Top of Listed entries
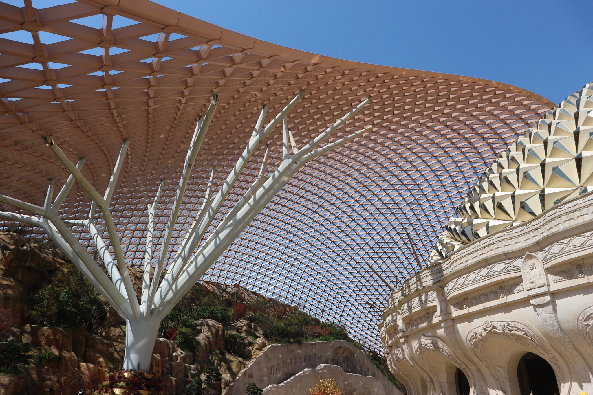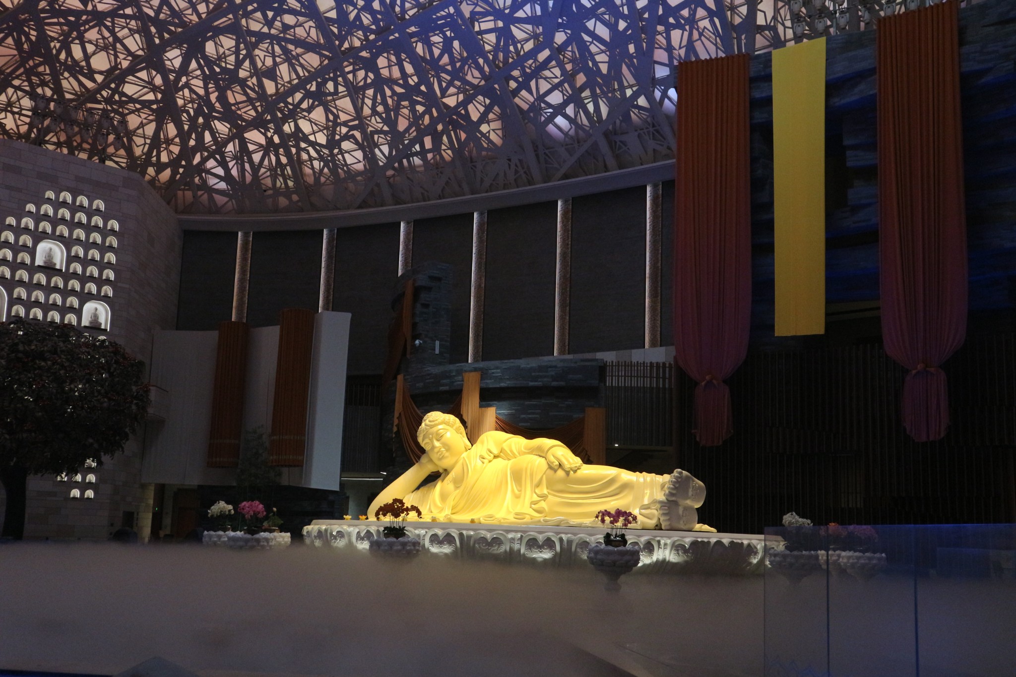 禅境大观的顶部是娑罗穹顶,图案来源于佛陀涅盘时的娑罗树杈。穹顶采用了全覆盖的透光膜和灯光,可以营造出清晨的第一缕晨曦、正午热烈的日光、傍晚的彩霞和入夜的月光。中心为全铜铸造的释迦牟尼卧像,全长7.5米,表面仿以汉白玉材质,能360度缓慢地旋转,表现了佛祖宁静、安详的涅盘境界。
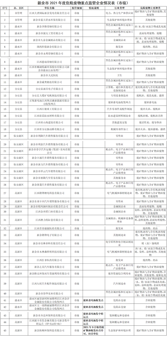 關(guān)于發(fā)布新余市危險廢物重點監(jiān)管企業(yè)(2021年更新)的公告
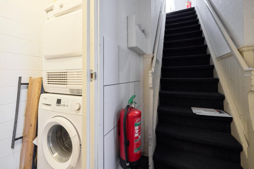 • Gezamenlijke wasruimte met een wasmachine en droger
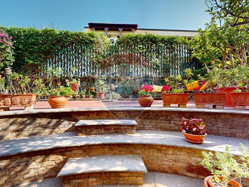 Circondata da un rigoglioso giardino alberato costituito da viali e terrazzamenti che conferiscono allintera struttura uno stile davvero unico ed elegante .
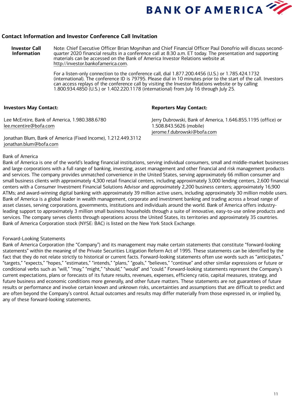 Contact Information and Investor Conference Call Invitation Investor Call Note: Chief Executive Officer Brian Moynihan and Chief Financial Officer Paul Donofrio will discuss second- Information quarter 2020 financial results in a conference call at 8:30 a.m. ET today. The presentation and supporting materials can be accessed on the Bank of America Investor Relations website at http://investor.bankofamerica.com. For a listen-only connection to the conference call, dial 1.877.200.4456 (U.S.) or 1.785.424.1732 (international). The conference ID is 79795. Please dial in 10 minutes prior to the start of the call. Investors can access replays of the conference call by visiting the Investor Relations website or by calling 1.800.934.4850 (U.S.) or 1.402.220.1178 (international) from July 16 through July 25. Investors May Contact: Reporters May Contact: Lee McEntire, Bank of America, 1.980.388.6780 Jerry Dubrowski, Bank of America, 1.646.855.1195 (office) or lee.mcentire@bofa.com 1.508.843.5626 (mobile) jerome.f.dubrowski@bofa.com Jonathan Blum, Bank of America (Fixed Income), 1.212.449.3112 jonathan.blum@bofa.com Bank of America Bank of America is one of the world’s leading financial institutions, serving individual consumers, small and middle-market businesses and large corporations with a full range of banking, investing, asset management and other financial and risk management products and services. The company provides unmatched convenience in the United States, serving approximately 66 million consumer and small business clients with approximately 4,300 retail financial centers, including approximately 3,000 lending centers, 2,600 financial centers with a Consumer Investment Financial Solutions Advisor and approximately 2,200 business centers; approximately 16,900 ATMs; and award-winning digital banking with approximately 39 million active users, including approximately 30 million mobile users. Bank of America is a global leader in wealth management, corporate and investment banking and trading across a broad range of asset classes, serving corporations, governments, institutions and individuals around the world. Bank of America offers industry- leading support to approximately 3 million small business households through a suite of innovative, easy-to-use online products and services. The company serves clients through operations across the United States, its territories and approximately 35 countries. Bank of America Corporation stock (NYSE: BAC) is listed on the New York Stock Exchange. Forward-Looking Statements Bank of America Corporation (the “Company”) and its management may make certain statements that constitute “forward-looking statements” within the meaning of the Private Securities Litigation Reform Act of 1995. These statements can be identified by the fact that they do not relate strictly to historical or current facts. Forward-looking statements often use words such as “anticipates,” “targets,” “expects,” “hopes,” “estimates,” “intends,” “plans,” “goals,” “believes,” “continue” and other similar expressions or future or conditional verbs such as “will,” “may,” “might,” “should,” “would” and “could.” Forward-looking statements represent the Company’s current expectations, plans or forecasts of its future results, revenues, expenses, efficiency ratio, capital measures, strategy, and future business and economic conditions more generally, and other future matters. These statements are not guarantees of future results or performance and involve certain known and unknown risks, uncertainties and assumptions that are difficult to predict and are often beyond the Company’s control. Actual outcomes and results may differ materially from those expressed in, or implied by, any of these forward-looking statements. 11
Bottom of Listed entries
Leaving every picture aside, reproduce exactly the lines above from the one with "wasmachine en droger" up to and including the one with "Circondata da un", and no others.

_Your solution:_
 • Gezamenlijke wasruimte met een wasmachine en droger
 Circondata da un rigoglioso giardino alberato costituito da viali e terrazzamenti che conferiscono allintera struttura uno stile davvero unico ed elegante .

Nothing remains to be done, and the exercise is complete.